In ancient Israel, this mitzvah (commonly known as the law of Levirate Marriage) was part of the welfare system, intimate and practical, as usual. To become a widow was bad enough, but to be left with no sons to carry on the family name and provide familial support was considered a catastrophic tragedy. The widow wasn’t to remarry just anybody. God’s ideal solution was for the dead husband’s brother to marry the widow (even if he was already married, so the rules governing polygamy apply—see #73). The first son born of this union of necessity would bear the name, status, and inheritance rights of the deceased husband.

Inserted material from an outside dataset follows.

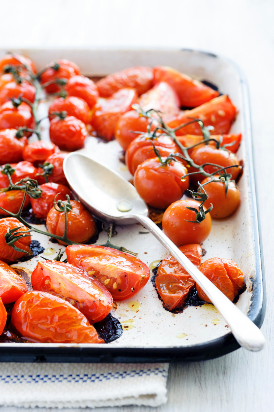 Mmm… tomaten! Thuis gedroogde tomaatjes zijn hartstikke lekker, maar roosteren kost een stuk minder tijd en smaakt minstens net zo goed.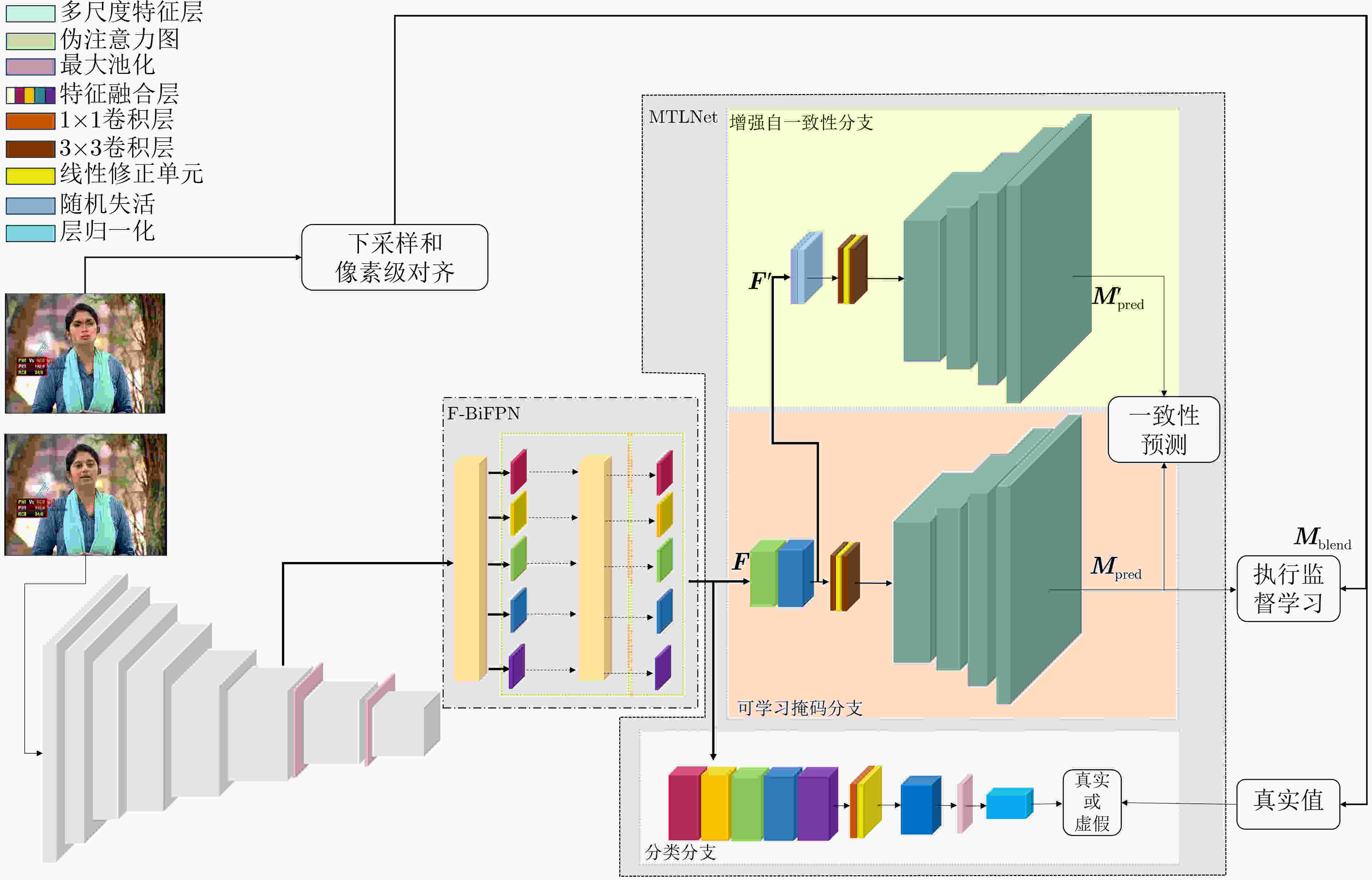 摘要: 目前高质量深度伪造视频检测方法大多基于隐式注意力机制的监督二分类模型。虽然该类模型能够通过自学习,判别伪造痕迹,鉴别异常区域,但在面对未经学习的伪造技术时,对伪造区域的敏感性降低,泛化性不足。基于此,该文提出一种伪造注意图驱动的多任务深伪视频检测模型(F-BiFPN-MTLNet)。首先,设计了一种融合伪造注意图的新型加权双向特征金字塔网络(F-BiFPN),通过伪造注意图监督低层和高层特征图的融合过程,在减少信息冗余的同时,增强模型对高质量伪造区域的敏感性。然后,定义了一种基于显式注意力机制的多任务学习网络(MTLNet)。一方面,该网络在原有基于监督二分类器的单任务模型的基础上,结合基于可学习掩码的注意策略与增强自一致性的注意策略,实现多任务加权判别,提高模型检测的可靠性;另一方面,引入显式注意力机制,通过生成的伪造位置标签对特征图进行监督,显式地指导模型聚焦于容易产生伪影的敏感区域,提高模型的泛化能力。实验结果表明,该文构建的F-BiFPN-MTLNet模型在多个基准测试中均表现出了较好性能,在曲线下面积(AUC)和平均精度(AP)等指标上取得了显著的提升。Abstract:

This also kept the DNA—the genetic profile—of the son as close as possible to what it would have been had the dead brother been his actual father.

There were several big “ifs” attached to this mitzvah, however. First, the brothers had to have dwelled “together” with each other before the first died. Yachad comes from a word that means “unit.” It’s not specified just how close this togetherness had to be, but if the guy never saw his brother except at gatherings like the Feast of Tabernacles, all bets were apparently off. Second, there was a “get-out-of-marriage-free card,” so to speak. We’ll address that under #81.


(80) One must marry the widow of a brother who has died childless.

“…her husband’s brother shall go in to her, take her as his wife, and perform the duty of a husband’s brother to her.” (Deuteronomy 25:5)

The scripture supporting the affirmatively stated converse to Mitzvah #79 stresses that the widow was not to be looked at as a charity case, but was to be a full-fledged member of the family with all the rights and privileges of any wife, including conjugal rights. The primary idea, after all, was to ensure that the dead brother’s line continued. This whole “marry-your-brother’s-widow” concept was not new with the Law of Moses, by the way. God took this issue of genetic heritage very seriously generations before the exodus: consider the case of Judah’s son Onan in Genesis 38. Yahweh killed him (verse 10) for refusing to father a son for his dead brother Er. It’s a pretty convoluted tale, but the bloodline of the Messiah was at stake here. Judah himself unwittingly ended up fathering his own grandson (i.e., the son of his daughter-in-law), Perez (a direct ancestor of King David). Twisted but true.  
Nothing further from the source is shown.